Highly linear polyethylenes tailored with 2,6-bis[1-(p-dibenzo-cycloheptylarylimino)ethyl]pyridylcobalt dichlorides.

A novel family of 2,6-bis[1-(p-dibenzocycloheptylarylimino)ethyl]pyridylcobalt dichlorides Co1-Co4 were synthesized and fully characterized by FT-IR, 1H NMR, and elemental analysis as well as X-ray diffraction analysis. The 1H NMR spectra of these paramagnetic cobalt complexes Co1-Co3 showed similar spectra with one set of signals, while Co4 possessed two sets of signals due to the different conformations caused by different substituents on the ortho-position of the N-aryl group.

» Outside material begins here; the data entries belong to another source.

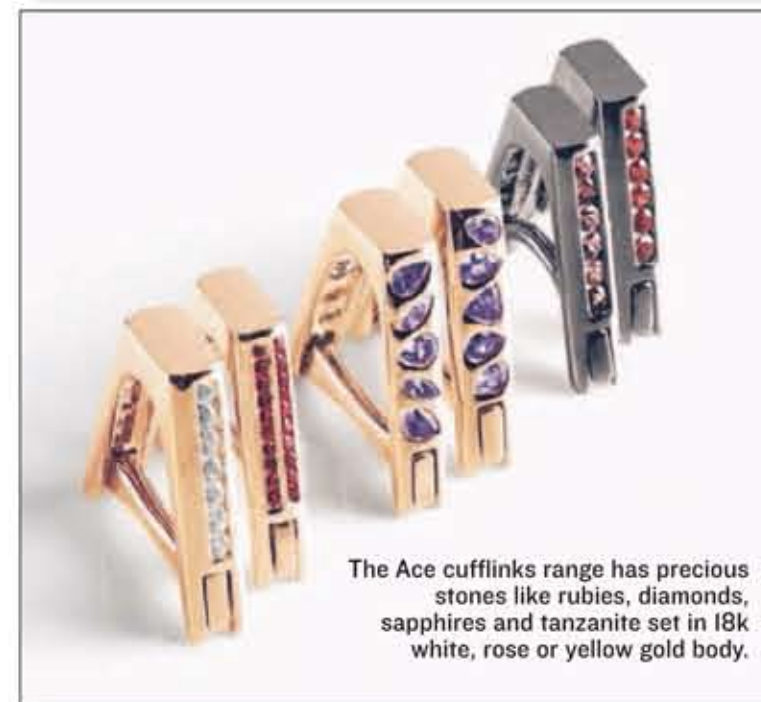
The Ace cufflinks range has precious stones like rubies, diamonds, sapphires and tanzanite set in 18k white, rose or yellow gold body.

project, in 2004, was a kitchen belonging to one of the partners of the legal firm she once worked at.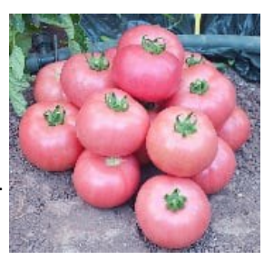
TM751-20 - Celebration Tomato Seeds

80 days. Solanum lycopersicum. Open Pollinated. Caspian Pink Tomato. The plant produces excellent yields of large 10 to 12 oz pink beefsteak tomatoes. One of the best tasting tomatoes on the market. The first tomato to beat Brandywine in taste tests. The Caspian Pink beat the Brandywine varieties in three straight taste tests. Perfect for sandwiches, salads, and slicing. The plant requires support, either staking or cages. An excellent choice for home gardens. An heirloom variety from the Caspian and Black Sea region of Russia. Indeterminate.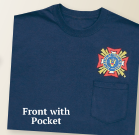
Front with Pocket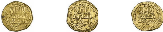
Lot 99 (obverses)

98 Abbasid, al-Mahdi (158-169h) , fals, Sabur 167h, citing Nusayr and the caliph, 3.31g (Shamma p.281, 9), about very fine £60-80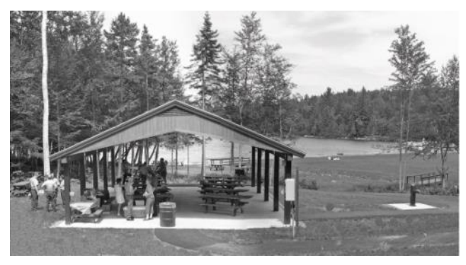
The Peaks-Kenny State Park group shelter provides seating for 60, a large barbeque grill, and electric outlets for appliances and electronics. This site has been constructed with special access and parking for visitors with disabilities, and is immediately adjacent to the park's beach area.

Reservable group areas, without shelters, are available at Range Ponds, Sebago, Crescent Beach, Two Lights, Cobscook Bay and Lamoine State Parks. In addition to the per-person day use fee, there is a $35.00 non-refundable reservation fee for these areas.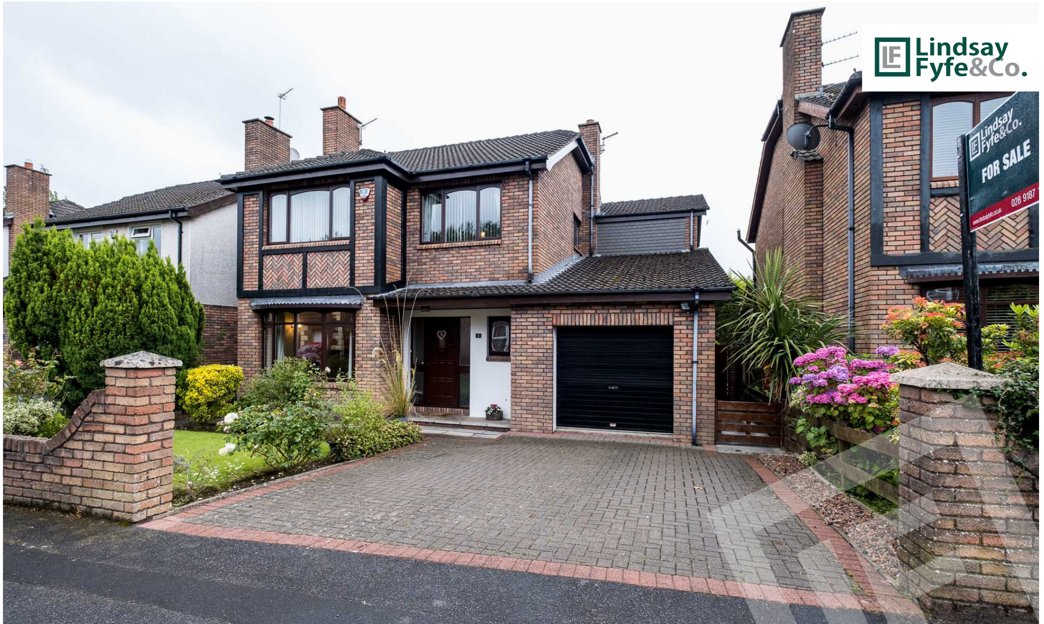
3 Rosepark Meadows, Belfast, BT5 7TL Spacious Family Home in a Quiet Cul-De-Sac Position - £329,950

Crystal structures of Co1, Co2 and Co4 revealed similar square-pyrimidal geometry around the cobalt ion, in which two dibenzocycloheptyl groups adapted as cis-conformers, whereas Co3 possessed bistrigonal geometry and the two dibenzocycloheptyl groups were adapted as trans-conformers. On activation with methylaluminoxane (MAO) or modified MAO (MMAO), all these cobalt complexes displayed high catalytic activities towards ethylene polymerization (up to 1.21 × 107 g (PE) mol-1 (Co) h-1) and produced polyethylenes with narrow molecular distributions (PDI ≈ 2.0). Co3 bearing bulkier isopropyl substituents on the ortho-position gave much higher molecular weight of resultant polyethylene than the other cobalt complexes reported herein. The microstructure analysis of the PEs demonstrated that they are highly linear and contain a vinyl end group as the major group and saturated methyl as the minor group, in which the content of the unsaturated polymer chain relied on the ortho-substituent of the N-aryl group.